Kurzmeldungen aus der Welt der Gesundheitswirtschaft und des Gesundheitswesens.

Vorarlberger Spitalskandal zieht Kreise

Erinnerungen an den AKH-Skandal in den frühen 80er-Jahren werden wach. Auslöser des Bauskandals rund um die Vorarlberger Krankenhausbetriebsgesellschaft KHBG war ein Siemens-Whistleblower, der etliche Verdachtsmomente rund um Bauprojekte im Umfeld der Vorarlberger Klinikholding offengelegt hat. Seither ermittelt die Staatsanwaltschaft Feldkirch wegen schweren Betrugs in Millionenhöhe. Mitarbeiter der Bauabteilung der KHBG und ein Mitarbeiter des Siemens-Konzerns sollen seit 2013 beim Aus- und Neubau von Spitälern Rechnungen gefälscht und damit den Spitalsbetreiber massiv geschädigt haben. Das Rad dreht sich aber weiter: In einer Sachverhaltsdarstellung, die von den Anwälten von Siemens verfasst wurde, werden auch Verdachtsmomente in Bezug auf andere Bauprojekte geäußert. Da geht es einerseits um Projekte mit der Alpenländischen Gemeinnützigen Wohnbau GmbH (Alpenländische), andererseits mit dem Festspielhaus Bregenz.

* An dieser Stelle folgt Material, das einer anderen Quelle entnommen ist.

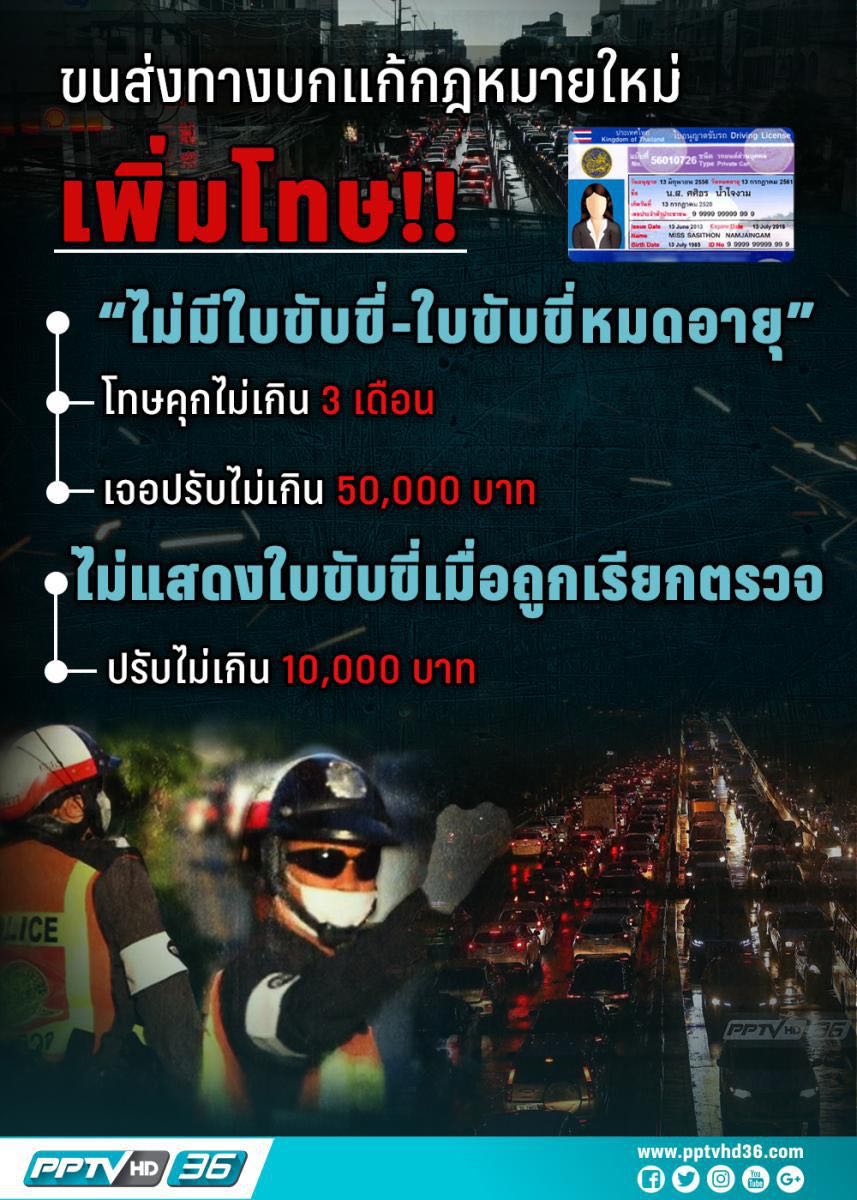 เพิ่มโทษไร้ใบขับขี่ปรับโหด 1 หมื่น "คมนาคม-ตำรวจ" เอาจริงและมีสิทธิ์นอนคุกอีก 3 เดือน

Der deutsche Konzern selbst war es, der auf Basis der Whistleblower-Infos die Ermittlungen der Staatsanwaltschaft mit einer Sachverhaltsdarstellung ins Rollen gebracht hat. „Siemens hat der Staatsanwaltschaft Umstände offengelegt, die im Rahmen einer noch andauernden Compliance-Untersuchung aufgedeckt wurden“, meint Siemens in einem Statement gegenüber der ÖKZ. Eine Sprecherin der Staatsanwaltschaft Feldkirch bestätigte, dass zum Zeitpunkt des Redaktionsschlusses über vier Verdächtige „die Untersuchungshaft verhängt worden ist“. Gegen einen pensionierten KHBG-Mitarbeiter wird auf freiem Fuß ermittelt. Zwei weitere Beteiligte haben sich Mitte August selbst angezeigt. Einer der Selbstanzeiger – er kommt aus der Bauwirtschaft – hat laut „Presse“ eine siebenstellige Summe bei Gericht hinterlegt. Für alle Verdächtigen gilt die Unschuldsvermutung. Die KHBG hat inzwischen mehrere Anwälte mit dem Fall betraut.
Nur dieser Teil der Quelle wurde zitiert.